Lastly, I don’t understand why there is an *additional* FFT. Wouldn’t the second one (Trace polynomial → Trace evaluation domain evaluations) just become larger, because the trace evaluation domain doubles in size?
My understanding about comparing the SP1 config (blow up 2, degree bound 3) with the OpenVM config (blow up 4, degree bound 5) would be:
– The cost of the FFT (Trace domain evaluations → Trace polynomial) should be the same
– The IFFT (Trace polynomial → Trace evaluation domain evaluations) should be about twice as expensive, because there are twice as many evaluations
– The commitment cost should also be 2x more expensive, because the data increases by a factor of 2
This would be the case for the same trace, but of course, with a larger degree bound, you can save trace cells (e.g. $x^5$ can be computed directly using a degree bound of 5, but with a smaller degree bound needs extra witness cells to materialize smaller powers).

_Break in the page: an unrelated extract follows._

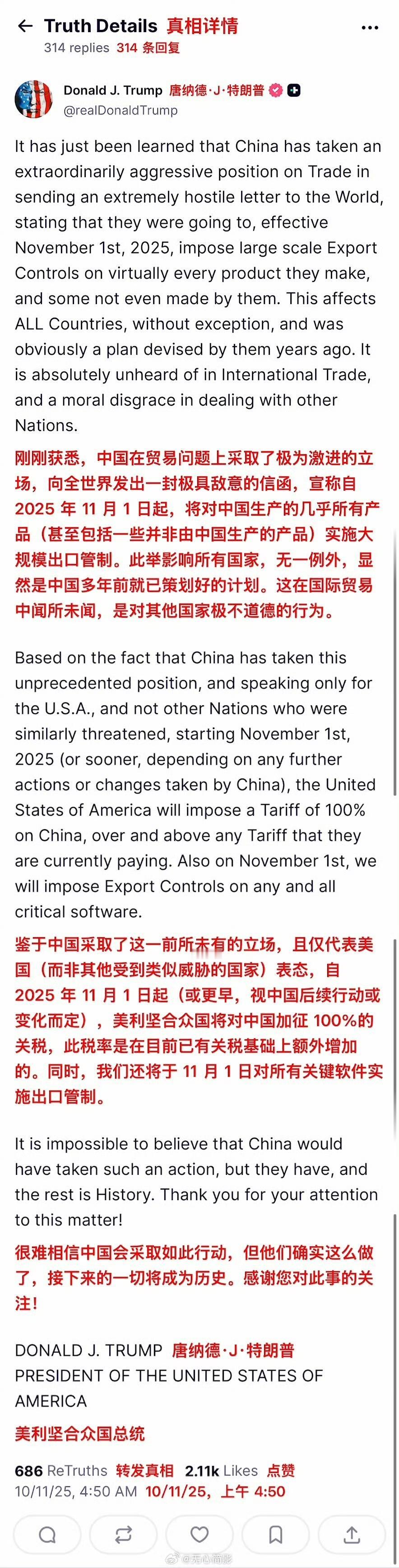 【琅河财经】全球股市暴跌,突发,特朗普宣布从 11 月 1 日起,对中国加征 100% 关税,此税率是在目前已有关税基础上额外增加的。同时,他们还将于 11 月 1 日对所有关键软件实施出口管制。 (果然又是关税[笑哭])
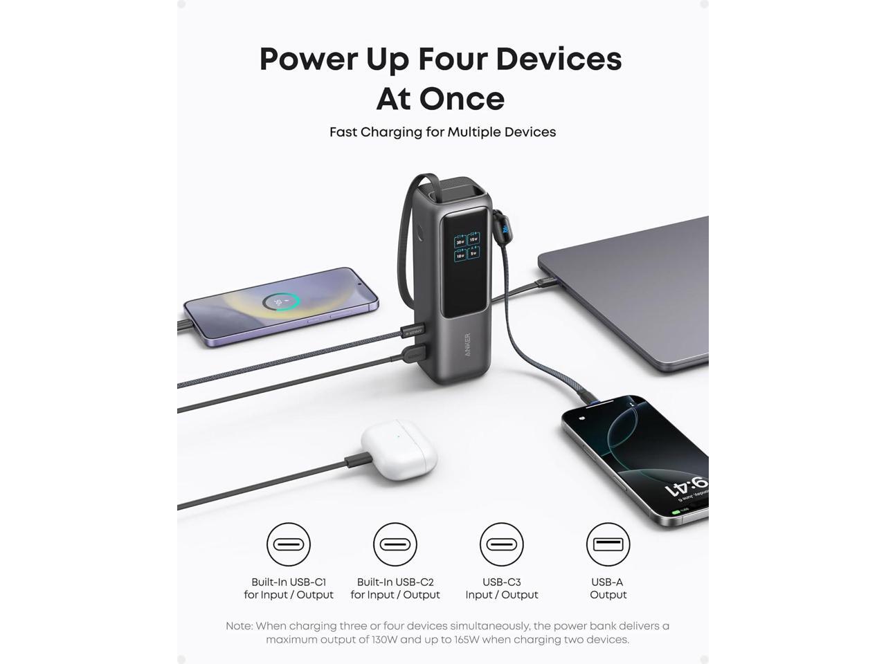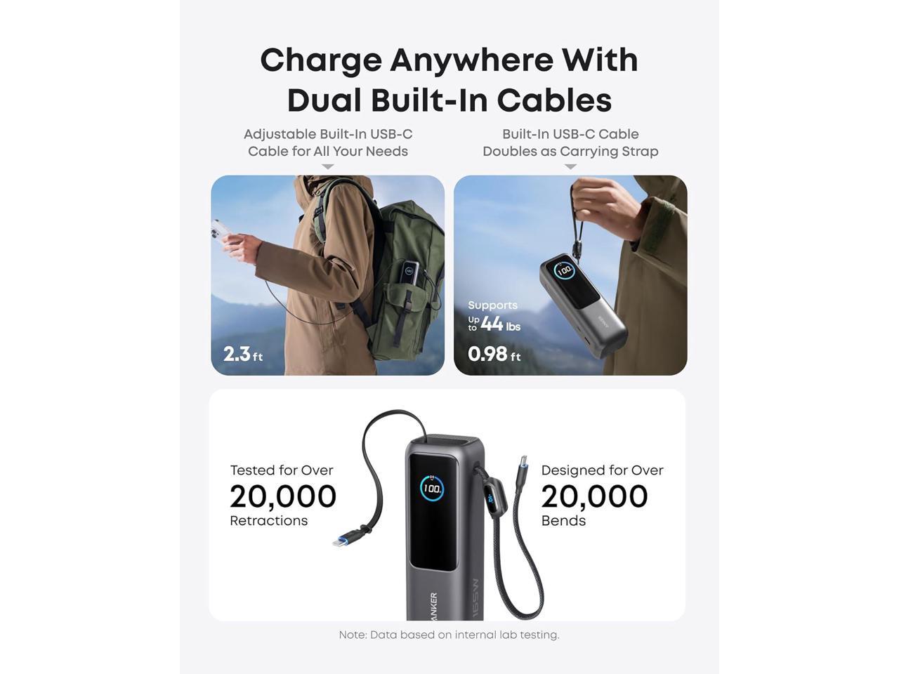 Anker Laptop Power Bank, 25,000mAh Portable Charger with Triple 100W USB-C Ports for Multi-Device Charging, Built-in and Retractable Cables, for iPhone 16/15 Series, MacBook, Samsung, and More

Thanks for the comment! Finally I have a real commenter, not just spammers ^^
Yes, the proof size should be reduced (I added more notes about the proof size in the last section). It also makes sense that simply increasing the blow-up factor to get a sufficiently large evaluation domain eliminates the need for an “additional FFT.” In Plonky3, the blow-up factor must always be large enough to match the quotient polynomial domain size. However, Stwo provides an option to perform an “additional FFT” to extend the evaluation domain size without increasing the blow-up factor. But now, this approach seems unnecessary maybe? if one already pays the extra cost for FFT, why not also reduce the proof size…
I also agree with the cost comparison between SP1 and OpenVM.
One thought: A higher-degree constraint requires a larger trace evaluation domain, but this applies only to the traces that actually contribute to the high-degree constraint. Instead of increasing the blow-up factor for all trace evaluation domains, why not just extend the necessary traces?
ah, if evaluation domains have different size, they will contain different points, then the quotient polynomial evaluations from different constraint will be evaluated at different points, then they cannot be combined linearly by randomness. got it.